The headlines announcing the project felt like a nightmare come to life—and a scenario that anyone in a creative profession has started to dread in the AI era. Digital media outlets, having undergone constant restructuring over the years, would appear to be particularly susceptible to such deals. (Media mogul Byron Allen recently became BuzzFeed’s chairman and CEO after acquiring a majority stake in the brand for $120 million, outlining plans to harness AI to transform BuzzFeed into a competitor for YouTube.)

Brantz, a former executive creative director for the YouTube educator Ms. Rachel, criticized BuzzFeed and Amazon for their intentions to turn her character into a “soulless AI puppet” on Instagram. “I encourage you to boycott BuzzFeed and any AI-produced or adjacent animation,” she urged.

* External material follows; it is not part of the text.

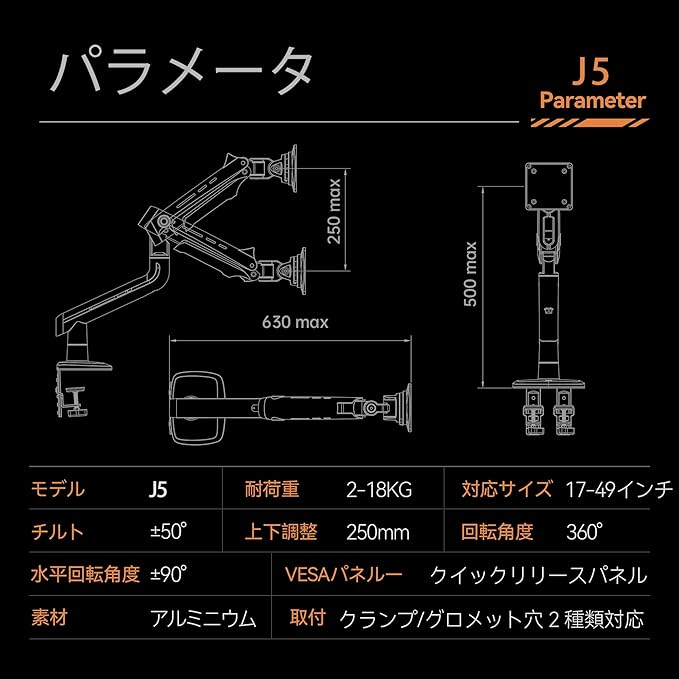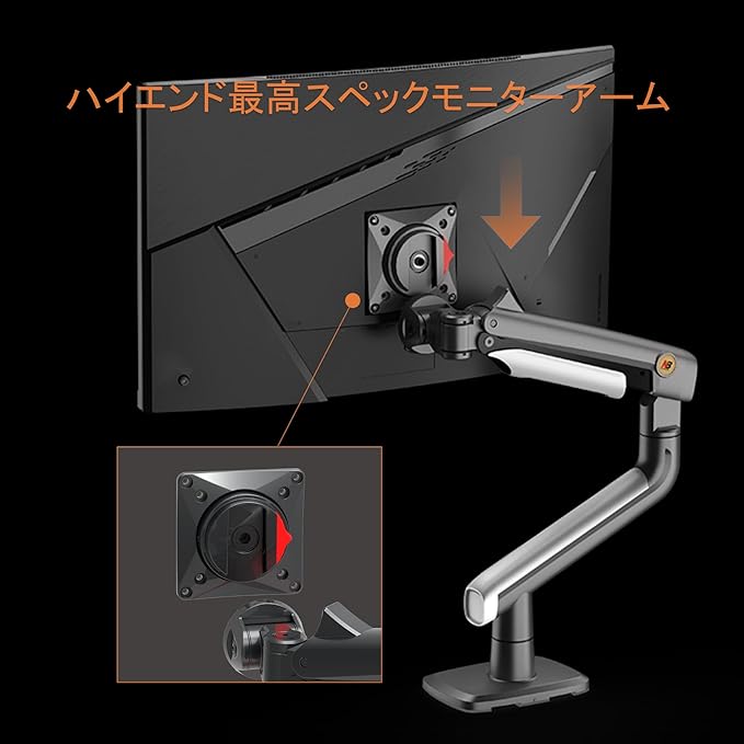 NB ERGONOMIC 大型モニターアーム 大画面 高耐荷重2-18㎏ 24-49インチ対応 ウルトラワイド湾曲用 ゲーミングモニターアーム 24 27 32 34 42 49インチ対応 ディスプレイアーム 曲面モニター 機械スプリング VESA75mm/100mm モデル:J5

Brantz started writing and illustrating for BuzzFeed in 2014, at the peak of the outlet’s influence. Simultaneously, she was working on her own books and sharing original content on her social media channels. In 2017, she went viral with a comic featuring an anthropomorphic and innocent-looking “Good Advice Cupcake,” whose tone violently shifts as she advises, “when life gets you down, you gotta grab it by the balls—and make life your bitch.”

“The character is 100 percent based on my own personality as someone who is aggressively optimistic and nearly pathologically positive,” Brantz tells WIRED. “It was my way of delivering motivational advice to people in a cute and humorous manner.”

Initially, Brantz conceived Cuppy for a children’s book pitch. After a Disney publishing imprint passed on the idea, she incorporated it into her internet comics. When it gained traction on social media, BuzzFeed recognized an opportunity.

“From there, there was extensive discussion on how to animate it as a web series at BuzzFeed,” Brantz recalls. Ultimately, BuzzFeed produced eight episodes of a Good Advice Cupcake web series, which aired during the summer of 2019. Topics ranged from “Advice on Your Messy Life” to “Advice on Coming Out.”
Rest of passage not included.